Sunday, February 4, 2018

America "Needs" More Deficit Spending to Continue "Growing"...But Debt to GDP Needs Austerity to Avoid Disaster

The organic basis of growth has slowed in the US (and the world at large).  The chart below shows the decelerating growth of annual household creation in the US alongside decelerating annual growth of the US population.  The rationale for interest rate cuts and accelerating deficit spending to offset decelerating organic growth and maintain abnormally elevated levels of synthetic "growth" should be plain.

And globally, the chart below details the decelerating annual growth of the under 65yr/old population of the nations that consume 70% of the worlds oil and consume 80% of all exports (OECD, China, Russia, Brazil...also noted is when each nation / groupings under 65yr/old population began declining).  Of note, this groping begins outright shrinking indefinitely beginning in 2019.

Ok, to maintain economic growth with decelerating household and population growth, increasing quantities of deficit spending have been undertaken.  The yellow line in the chart below represents the annual deficit spending as a % of GDP (on a YoY quarterly basis) peaking at nearly 14% in the most recent crisis.  Equally as noteworthy is the relative dearth of deficit spending currently at "only" 3% of GDP.  Also included is the deficit in dollars (black line), the total US gross federal debt (red columns), and the blue line is debt to GDP.  So, short term growth is dependent on ramping federal deficit spending...but this would result in a blow-out for the mid and long term health of the nation with ballooning debt to GDP levels.
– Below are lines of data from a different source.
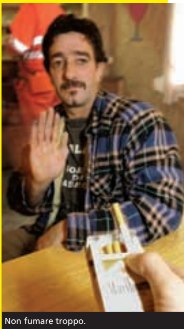
Non fumare troppo.
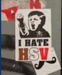
KIEZKICK UND PUNKROCK (DE 2011)
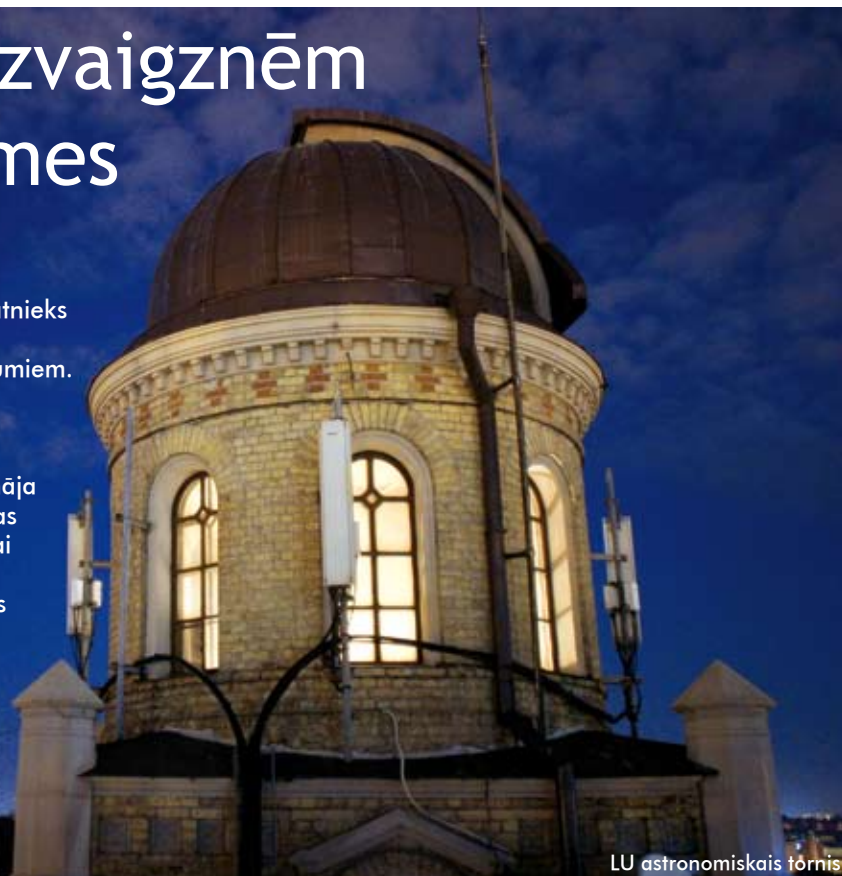
LU astronomiskais tornis

Pagājuši jau 400 gadi, kopš izcilais zinātnieks Galileo Galilejs pavērsa sava teleskopa objektīvu pret zvaigžņotās debess plašumiem. Cilvēce var lepoties ar šajā laikā sasniegto, tāpēc arī Apvienoto Nāciju Organizācijas 62. Ģenerālā asambleja pagājušajā rudenī 2009. gadu pasludināja par Starptautisko Astronomijas gadu. Tas tiek rīkots, sadarbojoties Starptautiskajai Astronomijas savienībai un Apvienoto Nāciju Organizācijas Izglītības, zinātnes un kultūras organizācijai UNESCO. Kā zināms, Latvija ir abu šo starptautisko organizāciju dalībvalsts, tāpēc Latvijas astronomu saime ir nolēmusi ar savām iniciatīvām pievienoties kolēģiem no citām pasaules valstīm un piedāvāt tās Latvijas sabiedrībai.
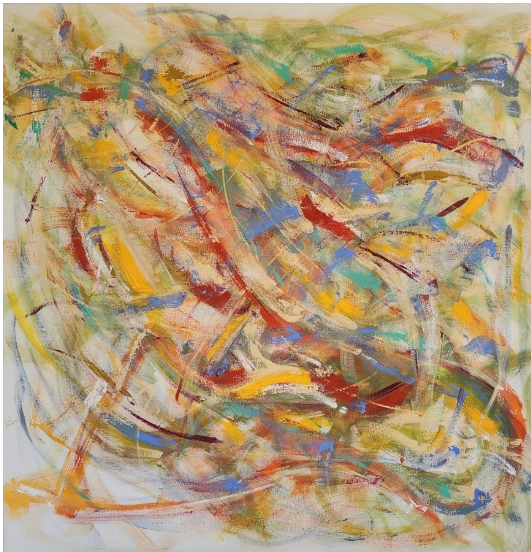
Artista: Flavia Fabbriziani 36387135, 2023 Acrílica sobre tela 151 x 151 cm
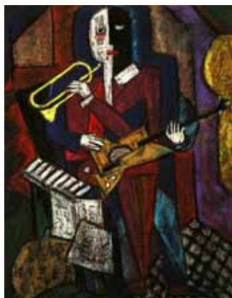
№ 8 Дмитриева Е.Н. Музыканты. 1. Бум.пастель 50x40, 10 000 руб.
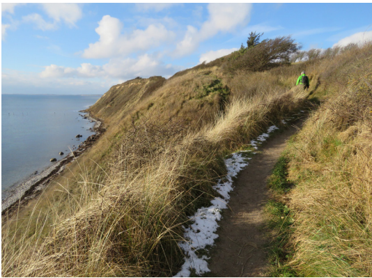
At vandre ad stien på toppen af Ristinge Klint er betagende på alle årstider.

28. Havblik. Fortsæt ad stranden til det tidligere badepensionat Havblik, som er dybt forfaldent (2018). Det har stået tomt siden 2006, da det blev overtaget af en nordsjællandsk investor, som ville omdanne det til et fashionabelt badehotel med restaurant. Siden er intet sket.
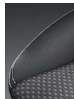
Unutrašnjost uz GL+
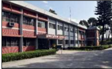
নিটার একাডেমিক ভবন

নিটারে একাডেমিক কার্যক্রম পরিচালনার জন্য দেশের বিভিন্ন খ্যাতনামা বিশ্ববিদ্যালয় থেকে ডিগ্রী প্রাপ্ত মেধাবী এবং উত্তর আমেরিকা, জাপান, জার্মানী, ইতালি, কোরিয়া, তুরস্ক, চীনসহ বিশ্বের বিভিন্ন দেশের স্বনামধন্য বিশ্ববিদ্যালয় থেকে উচ্চতর ডিগ্রী (এমএসসি ও পিএইচডি) সম্পন্ন এবং বিভিন্ন শিল্প প্রতিষ্ঠানে কাজের অভিজ্ঞতা সম্পন্ন প্রায় ৮০ জন স্থায়ী শিক্ষক নিয়োজিত রয়েছেন। এছাড়াও নিটার হতে ইউরোপ এবং আমেরিকার বিভিন্ন খ্যাতনামা বিশ্ববিদ্যালয়ে ১০ জন শিক্ষক উচ্চশিক্ষার জন্য বর্তমানে শিক্ষা ছুটিতে রয়েছেন। ছাত্র-ছাত্রীদের অধ্যয়নের জন্য নিটারে রয়েছে প্রায় ২০,০০০ বই সমৃদ্ধ একটি আধুনিক ও ডিজিটালাইজড লাইব্রেরি। গবেষণা কার্যক্রম পরিচালনার জন্য এখানে রয়েছে ১ টি স্বতন্ত্র 'Center for Research and

But the chart below shows that the year over year change in housing starts (1-unit) has been a very reliable precursor for subsequent change in full time employment.

Housing starts are driven by the combination of deficit spending and direction of interest rates.  In the chart below, when the red line (deficit spending as a % of GDP) is rising and the black line (interest rates) is declining; housing starts boom.  When deficits are decelerating and rates rising; housing starts go bust.  Currently, we are decidedly entering bust mode.

*Deficits represent annual growth in federal debt (as per Treasury), not the CBO or Whitehouse stated deficit.
But the stock market is at record what gives?  The chart below shows the Wilshire 5000 (representing all US equities actively traded) versus US total disposable personal income (the sum of all sources of income after taxation).  Never has the equity market been more detached from the nations total income... particularly with the savings rate at all time lows.

And how did we get here...interest rate cuts, deficit spending, rising debt to GDP...but there is more.  Monetization.  The yellow line in the chart below is the quantity of digitally conjured "money" that directly entered the "economy".  All $1.6 trillion subsequently leveraged anywhere from 2x's to 10x's...resulting in somewhere between $3.2 to $16 trillion in new "money" chasing the remaining assets.

The chart below shows the Federal Reserves plan (HERE) to unwind QE and assumes banks maintain their current reserves held at the Fed.  However, if the banks determine to increase reserves as the Fed raises rates, the impact on monetization could be far more dramatic, significantly further declining the outstanding quantity of "monetization".

The impact of rising interest rates, decelerating deficits as a % of GDP, and unwinding of QE resulting in the removal of much (or all?) of the outstanding monetization (yellow line)...and best guess is the stock market is heading down over 50%.

So, where is this going???  Best guess in the chart below, putting the next leg down in perspective.

Of course, this will be followed (or pre-empted?) by NIRP enabling the greatest debt creation and monetization in the nations history that will send debt to GDP to Japanese levels.  America is already beyond ever effectively repaying its debt and is just realizing the magnitude of attempting to service the rising interest payments on the massive debt stock.  A further jump in debt threatens what remains of the dollars place as global reserve currency.   Whether the weakened system and currency can absorb another bust and subsequent centrally directed boom is a very good question likely to be tested relatively soon.